Spark Dataframe Minus Minutes Operation In Scala
How to perform minus operation on a date type or timestamp time.
Assume that you have following data set and you would like to perform minus/plus operation to the date/timestemp field.
id | cr_date
1 | 2017-03-17 11:12:00
2 | 2017-03-17 15:10:00
You first convert the field to unix timestemp and then call minus operation or plus operation and then finally convert the field to appropriate formate
df.select(from_unixtime(unix_timestamp(col("cr_dt")).minus(5 * 60), "YYYY-MM-dd HH:mm:ss"))

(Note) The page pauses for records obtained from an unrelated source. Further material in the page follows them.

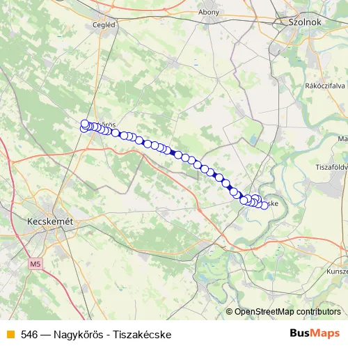 The first stop of the 546 bus route is Tiszakécske, Templom tér and the last stop is Nagykőrös, vasútállomás. 546 (Nagykőrös - Tiszakécske) is operational during everyday.
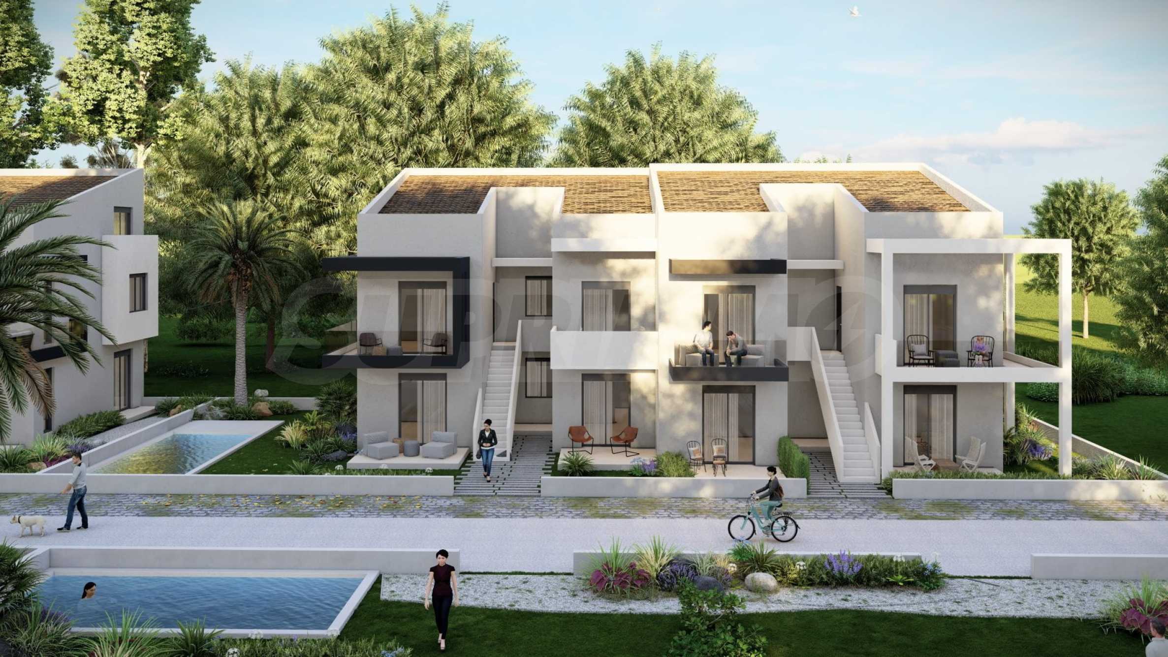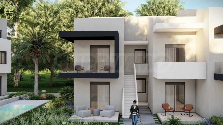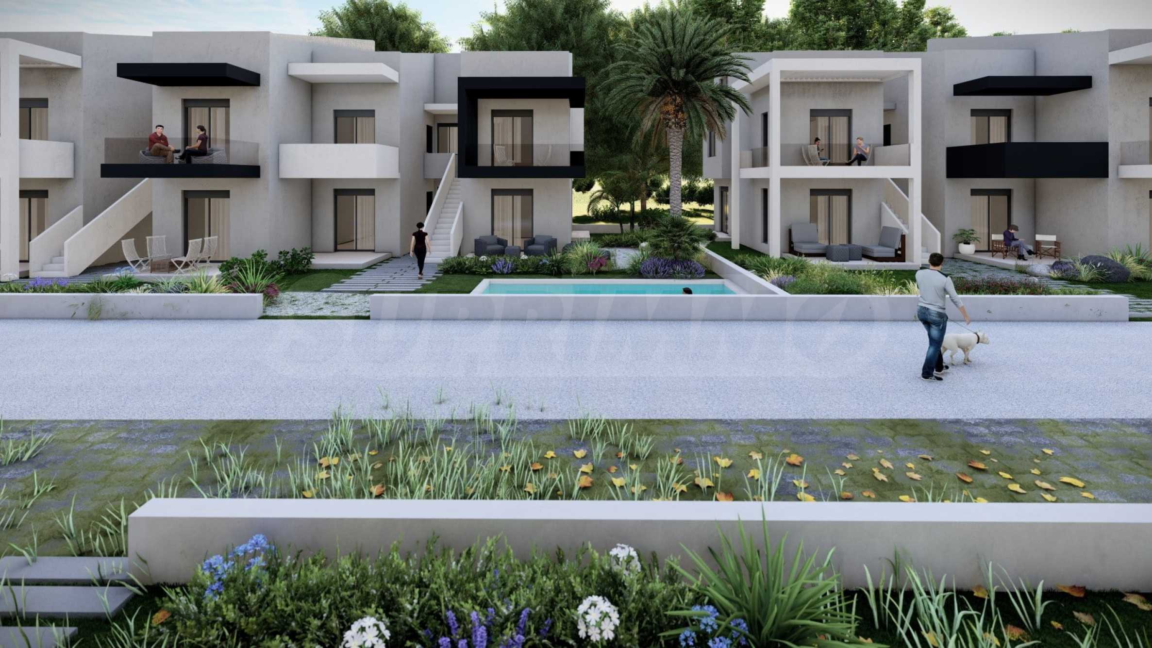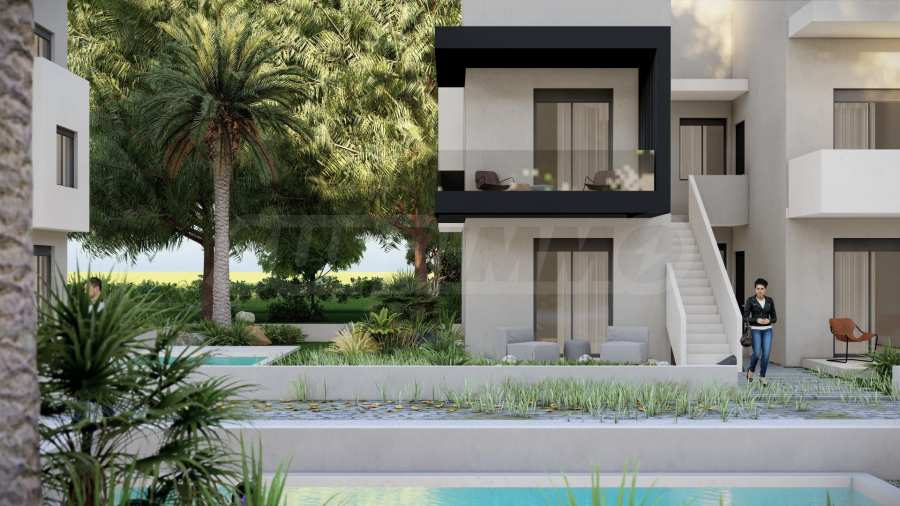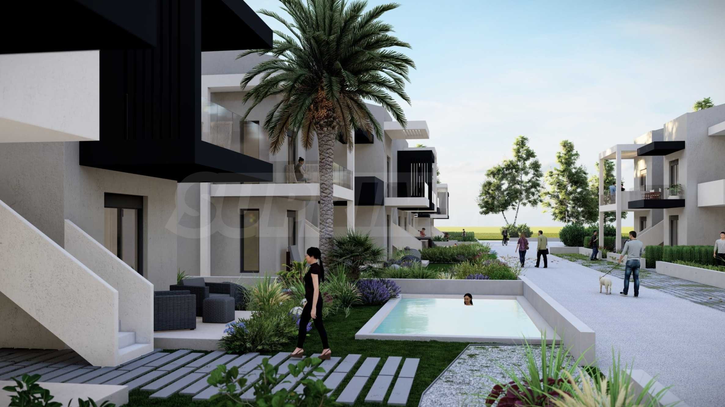 In the beautiful gardens between the buildings, there are natural stone paths that lead to relaxation areas, as well as to communal swimming pools, which contribute to the feeling of coolness and tranquility and are an excellent place for relaxation.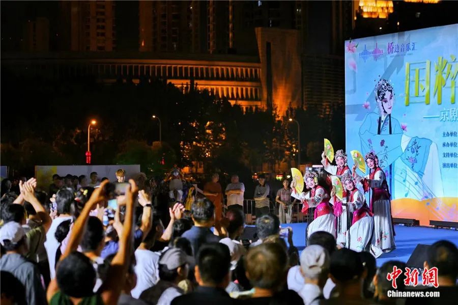6月8日晚,“‘橋’見海河,邂逅浪漫”——橋邊音樂匯第二季“國粹芳華”京劇專場演出在天津海河畔舉行,吸引了許多市民及游客感受國粹魅力。中新社記者 佟郁 攝
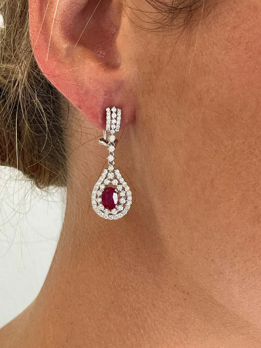 Mandarin long earrings in 18k white gold with rubies and diamonds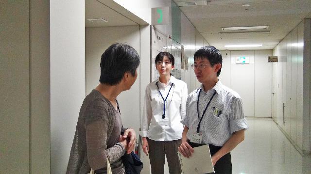 都庁に行ったついでに都教委総務部教育情報課に質問に行きました(写真上)。行ったといっ ても、定例会の開催される30階の廊下は都教委職員と警備員10数名が立ち並び、 執務室の入り口は施錠され、前にも中にも職員が立っているので、用件を伝え呼び出 してもらうしかありません。用件を告げると、A係長ら2人が出てきて、廊下での話 となりました。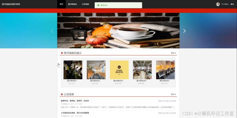 登录成功后,读者进入首页模块,首页主要展示轮播图以及各大功能板块,功能导航栏在系统界面直上方,读者可见公告信息、图书馆座位展示。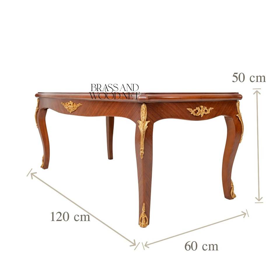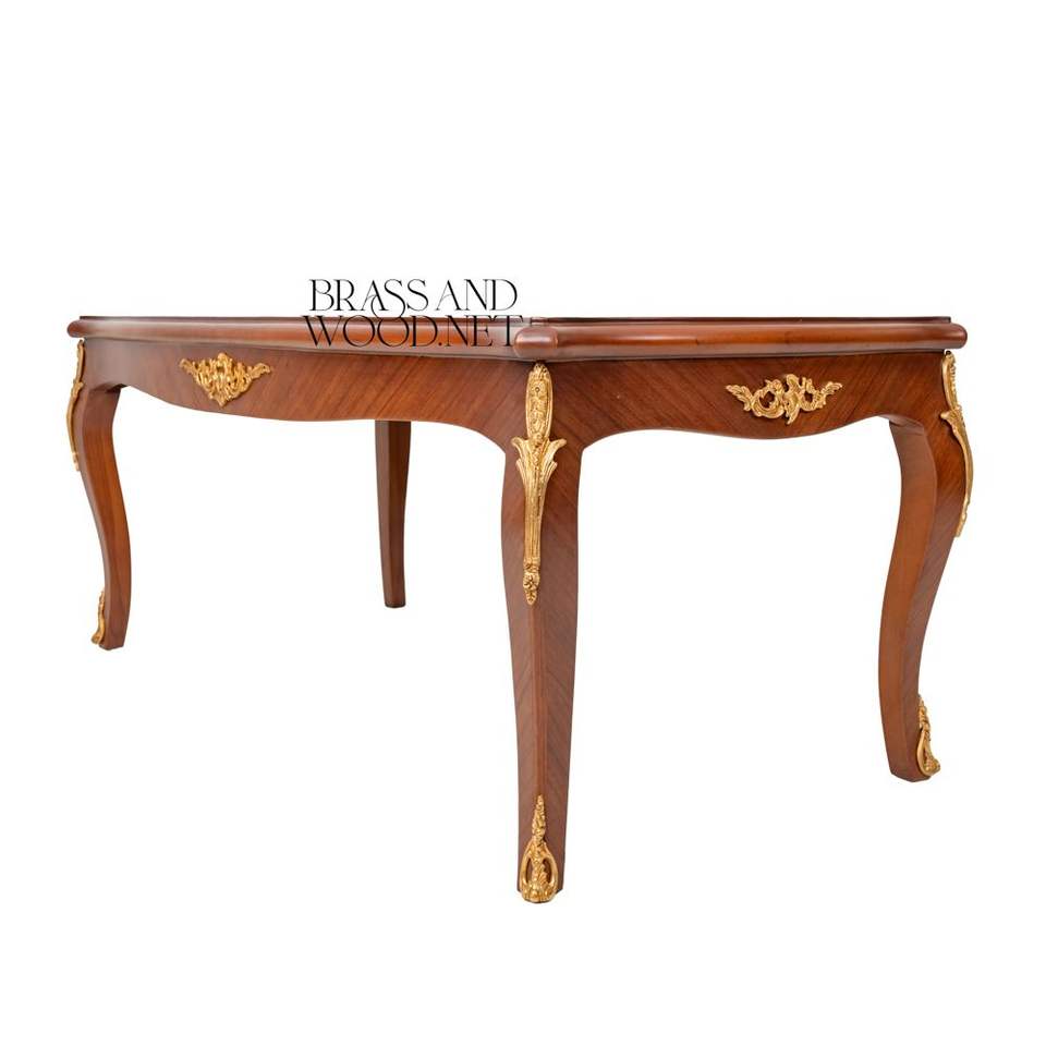 Elegant Rectangular Wooden Coffee Table with Diamond Pattern Veneer Top and Gold Brass Accents for Luxury Living Rooms
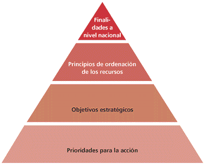En la Figura 3.1 se indican los elementos de un marco general de política forestal y la jerarquía de las finalidades, principios y prioridades para la acción.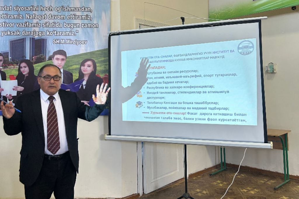 Ajiniyoz nomidagi Nukus davlat pedagogika instituti Ellikqalʼa fakultetida talabalarning ota-onalari bilan uchrashuv bo‘lib o‘tdi.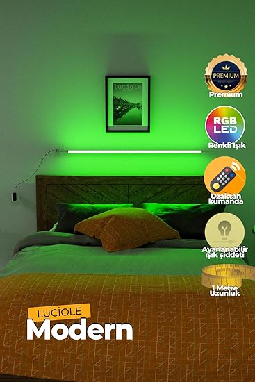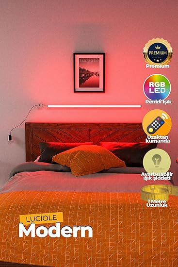 Çok Renkli Led Lambader abajur aplik lamba ışık Yapışkanlı 1 Metre Her Alana Uygun Uzaktan Kumandalı 16 renk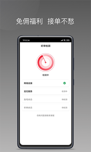 采用智能听单检测技术,司机可以快速完成订单检测,接单更加轻松便捷。

The result will appear as below
id | cr_date
1 | 2017-03-17 11:07:00
2 | 2017-03-17 15:05:00
There is another important point to remember while performing minus operation. For example that you have a data frame with the timestamp "2015-01-01 00:00:00" when applying:
df.select(from_unixtime(unix_timestamp(col("cr_dt")).minus(5 * 60), "YYYY-MM-dd HH:mm:ss"))
The result is "2015-12-31 23:55:00" however expected result is "2014-12-31 23:55:00". It seems that this is due to having "YYYY" as opposed to "yyyy". Making this change:
df.select(from_unixtime(unix_timestamp(col("cr_dt")).minus(5 * 60), "yyyy-MM-dd HH:mm:ss"))
Gives the result what we are looking for.